# Measuring for retrofit windows



## Jackofall1 (Dec 5, 2010)

You want to know for sure remove the inside moldings, you will then be able to measure the frame OD.

Mark


----------



## kwikfishron (Mar 11, 2010)

If you already ordered the windows you better put a stop on that order *“immediately”* until you know you have it right or you’ll be stuck.

As mentioned pop off the interior trim on a window and check the opening. 
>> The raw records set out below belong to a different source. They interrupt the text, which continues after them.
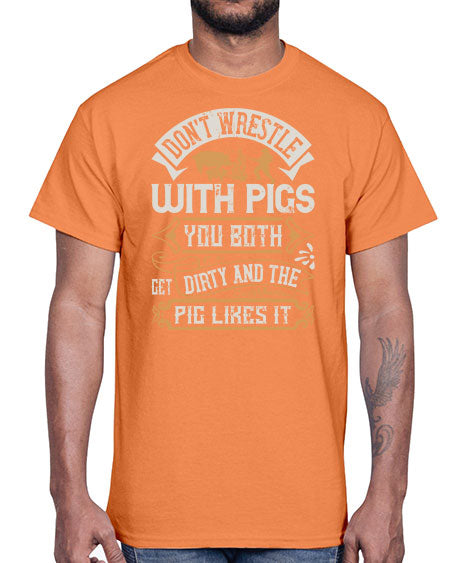 Don’t wrestle with pigs You both get dirty and the pig likes it Style 86#- pig- Cotton Tee
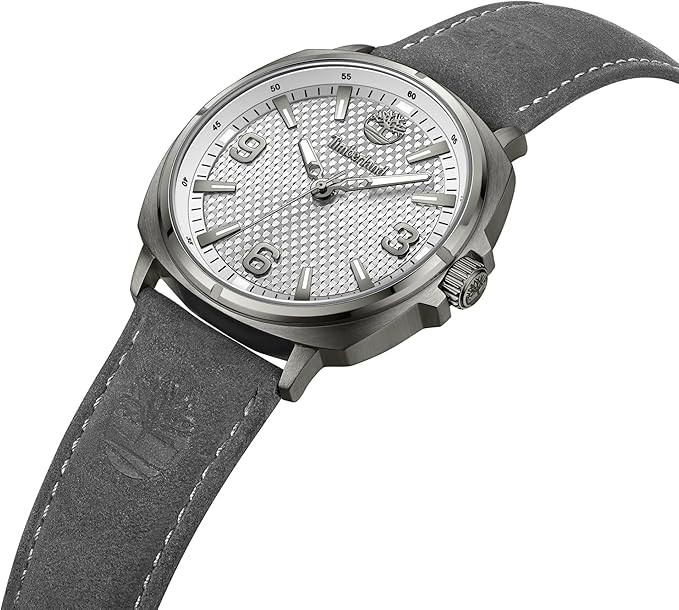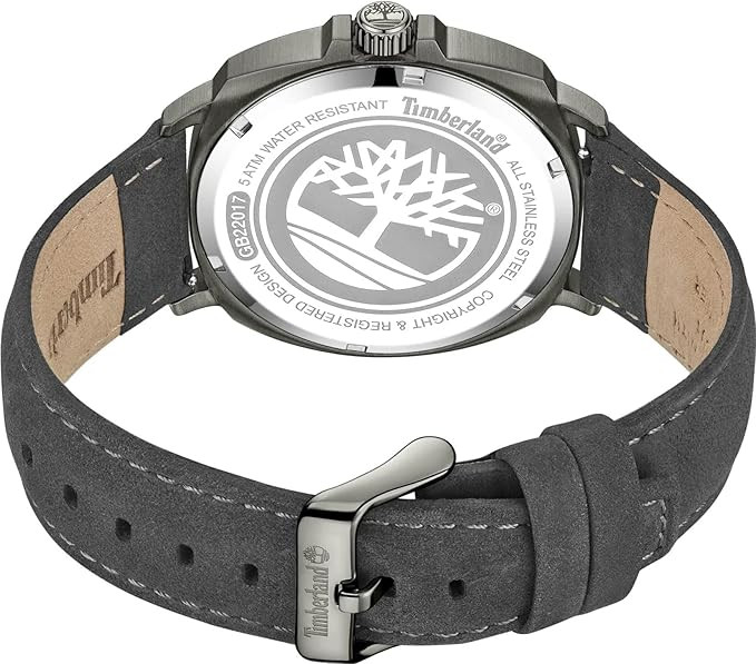 The Timberland Bailard TDWGB2201703 is designed for the active modern man seeking functional style. This watch features a 44 mm stainless steel case with an ion-plated gunmetal finish, complemented by a cool gray dial. The analog display offers three hands powered by accurate quartz movement, all shielded by durable mineral glass. Paired with a gray Better Leather strap certified by the Leather Working Group, it combines sustainability with comfort. Water resistant to 5 ATM, it withstands splashes and brief moisture exposure, perfect for everyday wear.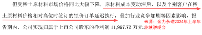 2024年,金力永磁毛利率降至11.13%,同比下滑约5个百分点,全年净利润同比下滑48.37%。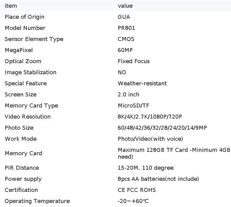 | Model Number | TC801LTE Trail Camera |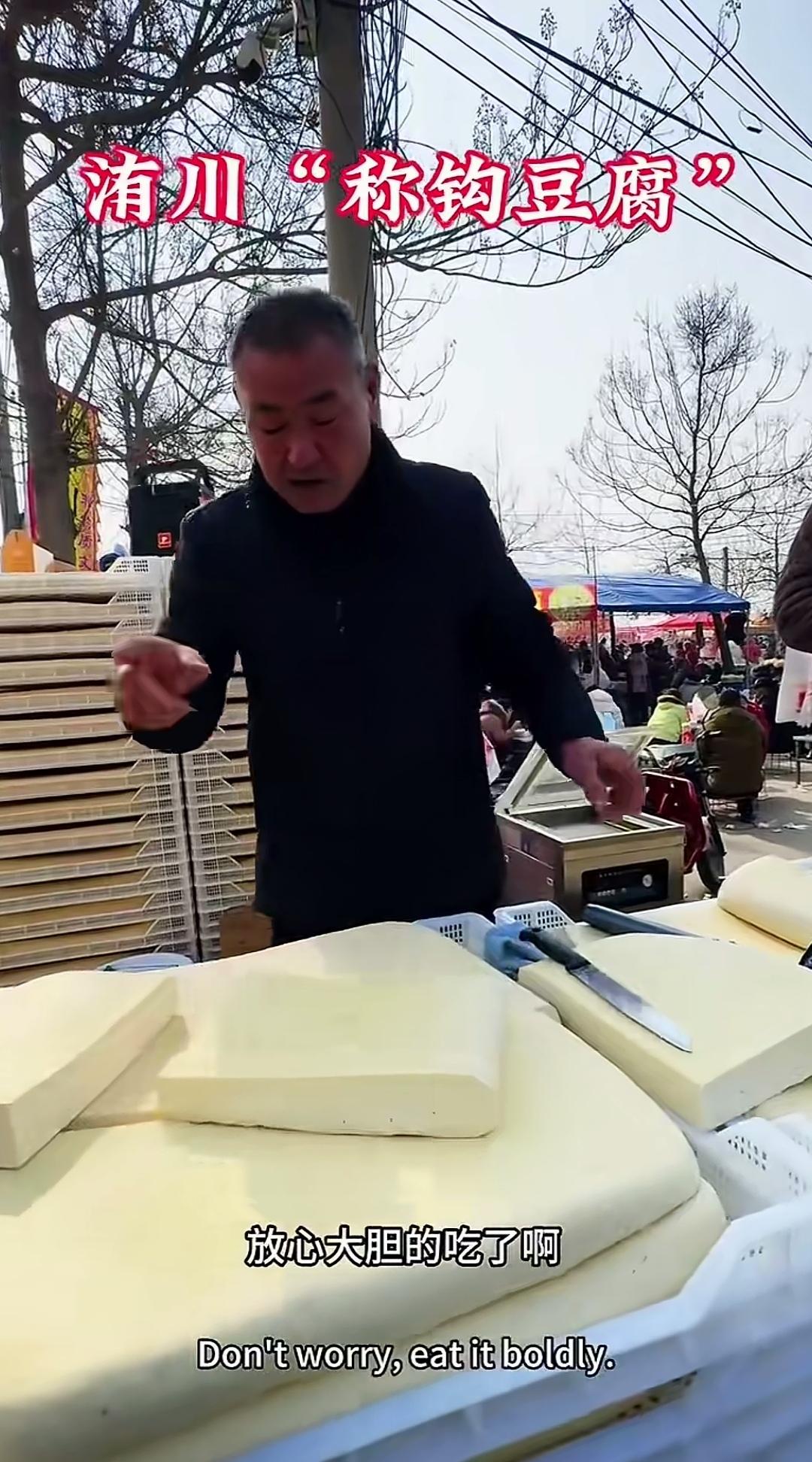 售卖的豆腐竟能用秤钩勾起,成板的豆腐往桌上摔也完好无损。老板在现场大肆宣扬有着“2000年历史的‘洧川豆腐’”,它真有如此神奇? 然而,这类自夸的视频画面在网络上引发了网友的质疑。大家猜测豆腐里或许加了大量胶体,毕竟,本应一碰即碎的豆腐,怎可能经得起秤钩悬挂、摔打而不烂? 换作是你,会相信吗?反正我也心存疑虑。不过,未曾亲身体验,这“洧川豆腐”是否如老板所言那般出色,实在难以断言。 有吃过“洧川豆腐”的网友吗?欢迎到评论区分享感受!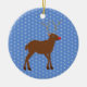 This ornament features a graphic design image of a cute Christmas Reindeer with a bright shiny red nose. The Reindeer is brown and furry, she has large antlers and dark brown hooves. Her eye is black and she has a big smile on her face.

Post a picture here inside and out of what you have now if you can.


----------



## mday83 (Aug 12, 2011)

I've got a few hours left to cancel the order, so if I can't figure this out for sure by then, then I probably will... I'm not sweating bullets yet, but I'm concerned, 'cause wasting $800 on four windows isn't my idea of fun!! Here are pictures of one of the windows inside and out. When I measure the inside opening, I get 34" x 46.75". When I measure from the outside, from each visible edge of the metal frame, I get 34.5" x 47.5". The windows I ordered are 34.5" x 47.25"... so that's the exact size on the width and .25" smaller on the height. Do they fit as long as I don't exceed the measurements of the frame from the outside?? Thanks so much for any help.

Inside pic










Outside pic


----------



## HomeSealed (Jan 3, 2008)

If you are paying someone to install these windows, have him measure them as well. Cancel the order, and have the installer measure them.... On that application there are a few different ways to install a new window, so it really depends on what he plans to do.


----------



## Ron6519 (Mar 28, 2007)

I would think if the handyman knew how to order the windows, he would have suggested it. I'd also be surprised if he would take on the responsibility.


----------